# Your task
Quote the lines below from the one containing "Die klare Linienführung, feinstes" to the final line, both ends included; exclude the pictures.

[Records from a data source]
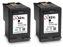 2 x 62 XL Black Refilled Ink Cartridges For HP Envy 5647 Printers
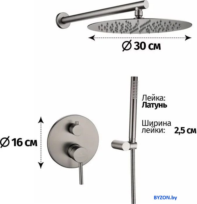 | Диаметр (ширина) верхнего душа | 300 мм |
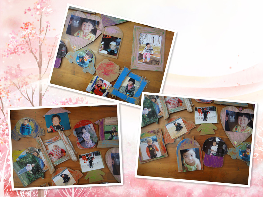 我们开始动手啦!给相框涂上好看的颜色哦!再把照片贴上去!
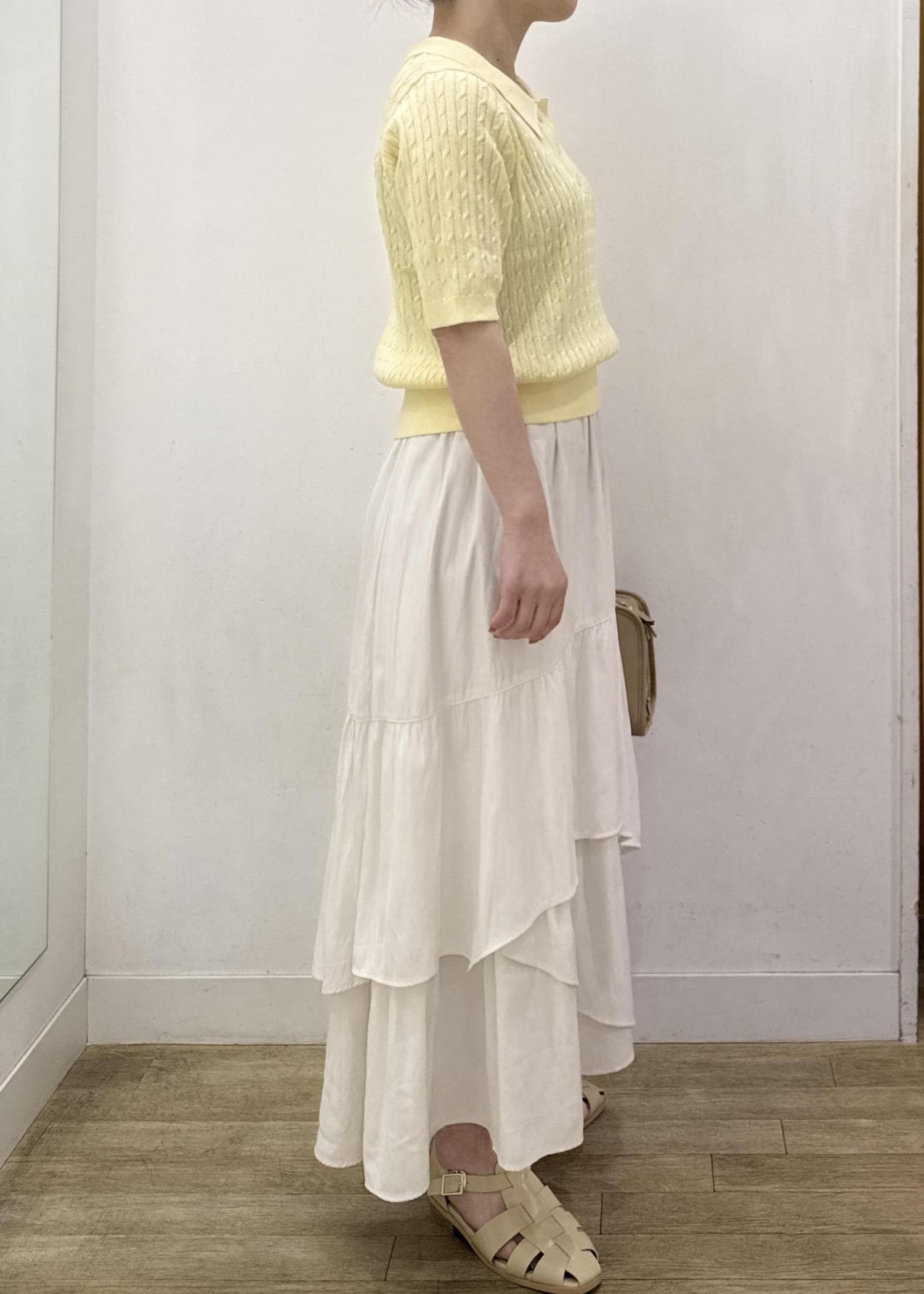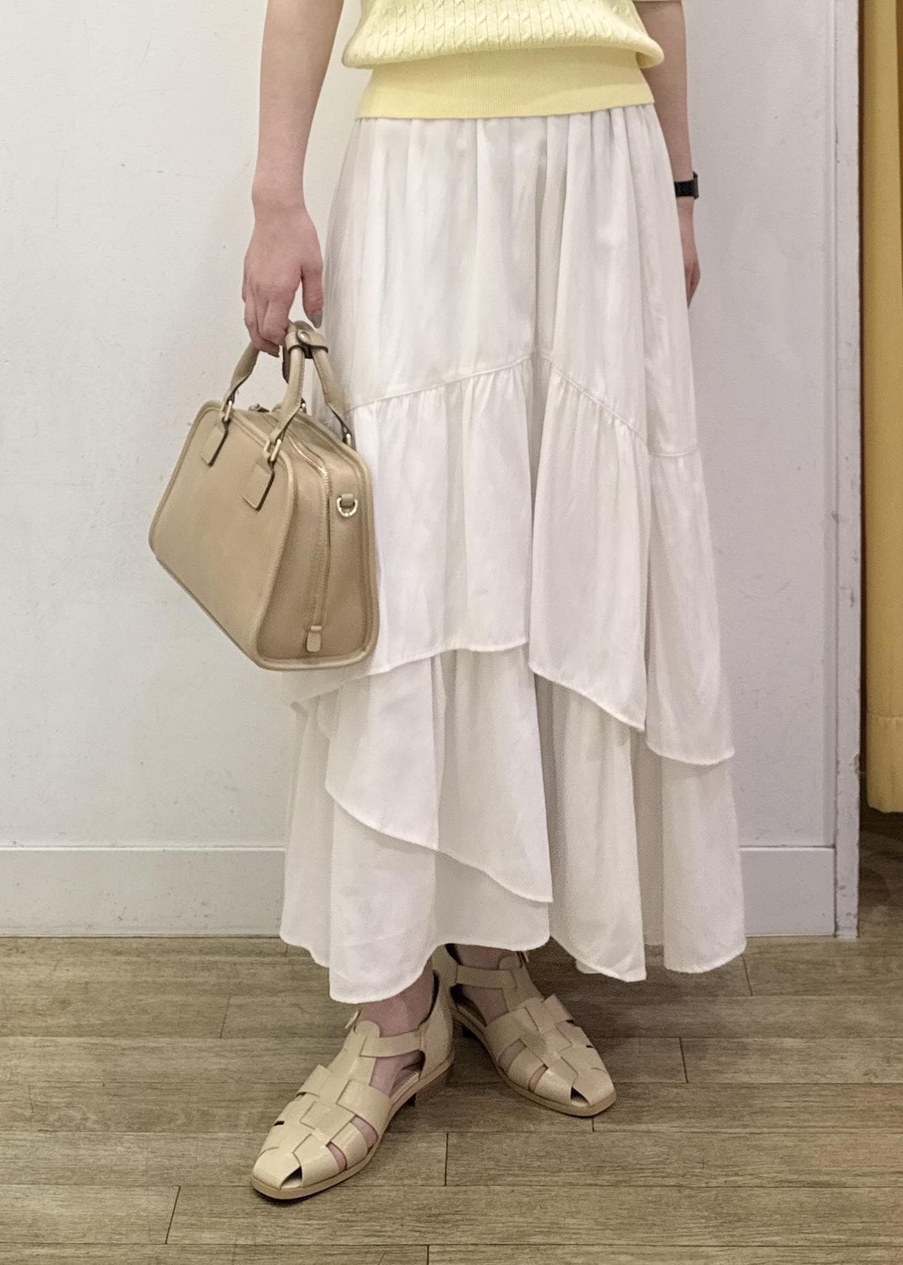 ROPÉ PICNICダンダンティアードスカートオフホワイト / F¥7,491レビューウエストはゴムでニットをインしてもラクに穿けました!
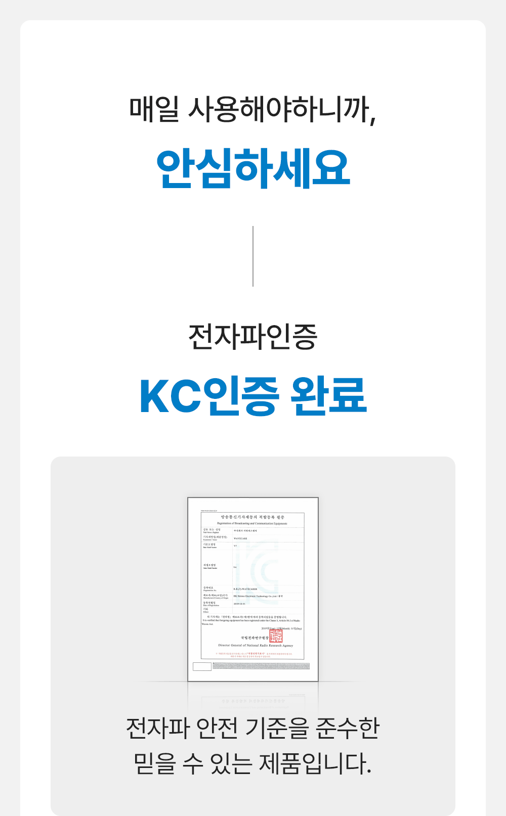 • KC 인증정보 (「전기용품 및 생활용품 안전관리법」에 따른 안전인증ㆍ안전확인ㆍ공급자적합성확인대상제품 및 「전파법」에 따른 적합인증ㆍ적합등록 대상 기자재에 한함)
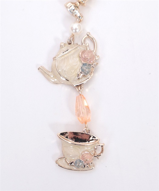 紅茶を注ぐ様子をイメージした、しずく型のビーズがポイントです。
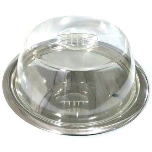 O kit é composto por prato redondo fabricado em aço inoxidável de qualidade com tampa em acrílico.
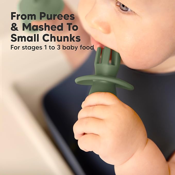 - Baby Led Weaning Spoons & Forks - Designed to explore different food textures, from purees to mashed and solid food chunks, your baby can transition seamlessly from Stage 1 to 3 of BLW and learn to eat independently with this baby training pre spoon.
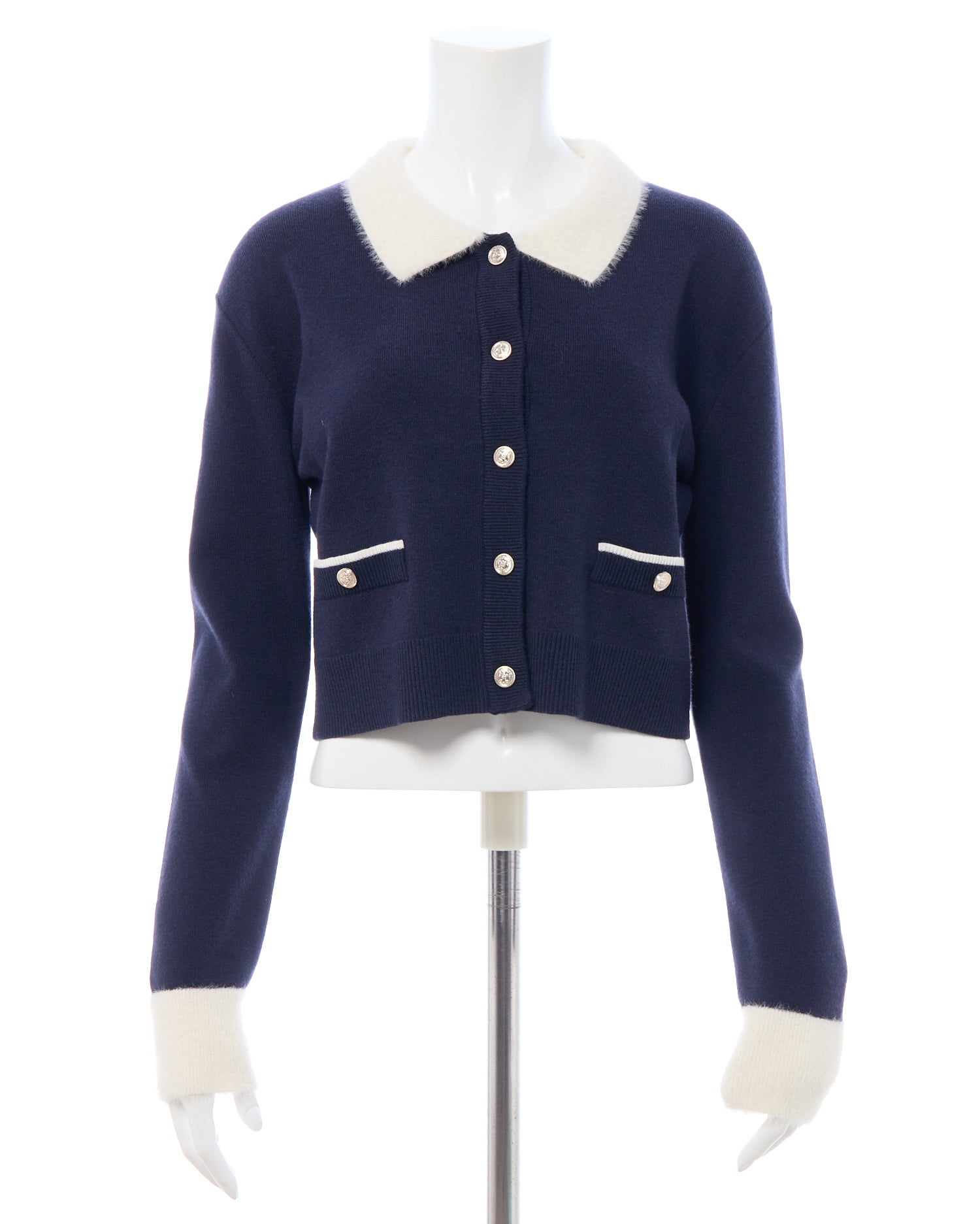 襟と袖が配色になっていてかわいい♡高級感のあるボタンもポイント!
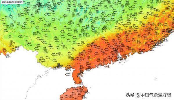 在12月下旬的东北,这场暖空气让沈阳下起了边下边化的零上雪,让辽宁南部很多地方下起各种东西,其强度堪称离谱。而在海南、广西东南部、广东、福建中南部,暖空气的强盛更是让人感觉夏天回来了。12月24日,广州达26.7度、番禺27.6度,广西岑溪25.9度,福建华安和大田25.4度,下午出门真的可以穿短袖,晚上睡觉肯定也要防蚊子。
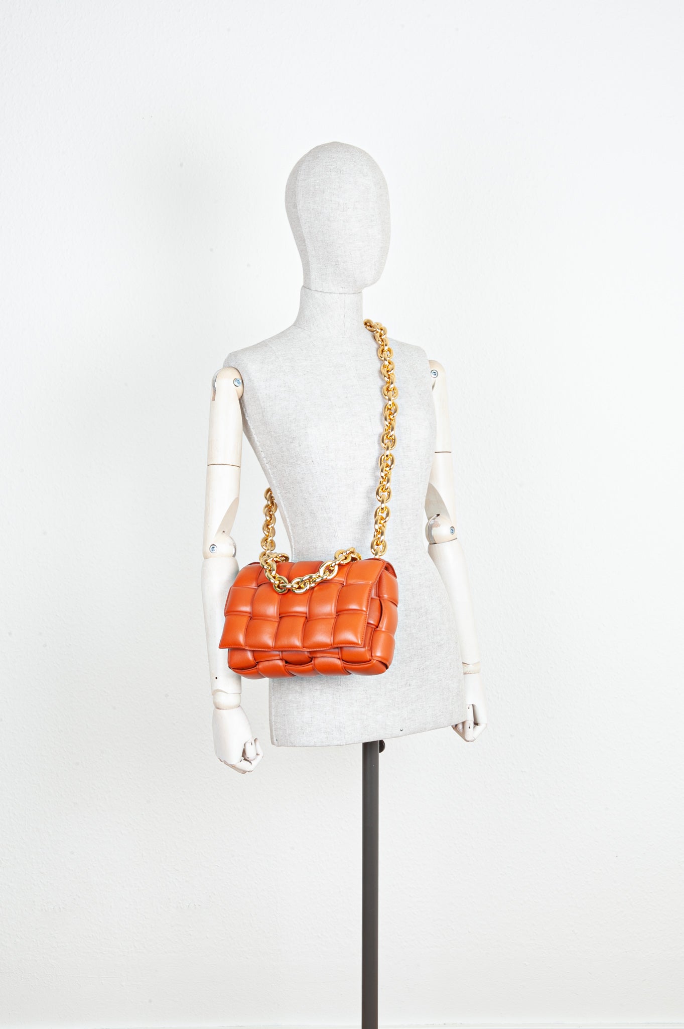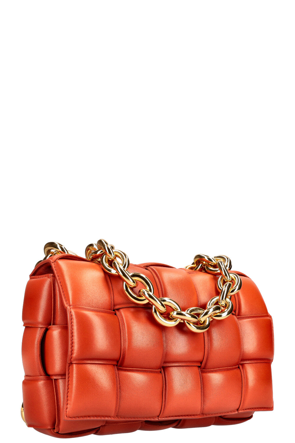We Love: Die grössere Interpretation des klassischen Intrecchiatos kreiert ein wahres Statement Piece, die Chain Cassette Bag. Mit ebenso auffälliger Schulterkette versehen. Wunderschön warmer Brick Farbton
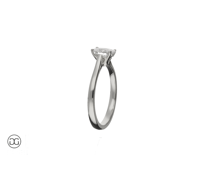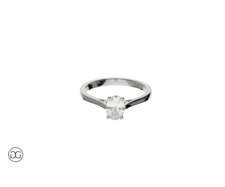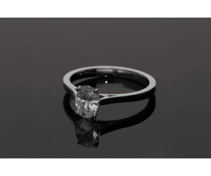 Die klare Linienführung, feinstes Platin in Hochglanzpolitur und ein wunderschöner, hochwertiger Diamant im Ovalschliff verleihen diesem Ring einen Hauch von schlichter Eleganz.
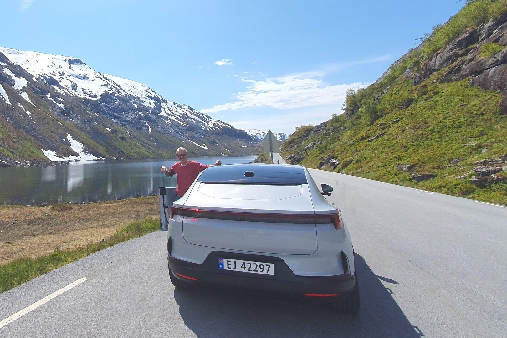 Ein Mann steht neben einem weißen Auto auf einer Straße an einem See, umgeben von Bergen mit Schnee und grüner Vegetation.

# Written reply
 Die klare Linienführung, feinstes Platin in Hochglanzpolitur und ein wunderschöner, hochwertiger Diamant im Ovalschliff verleihen diesem Ring einen Hauch von schlichter Eleganz.
 Ein Mann steht neben einem weißen Auto auf einer Straße an einem See, umgeben von Bergen mit Schnee und grüner Vegetation.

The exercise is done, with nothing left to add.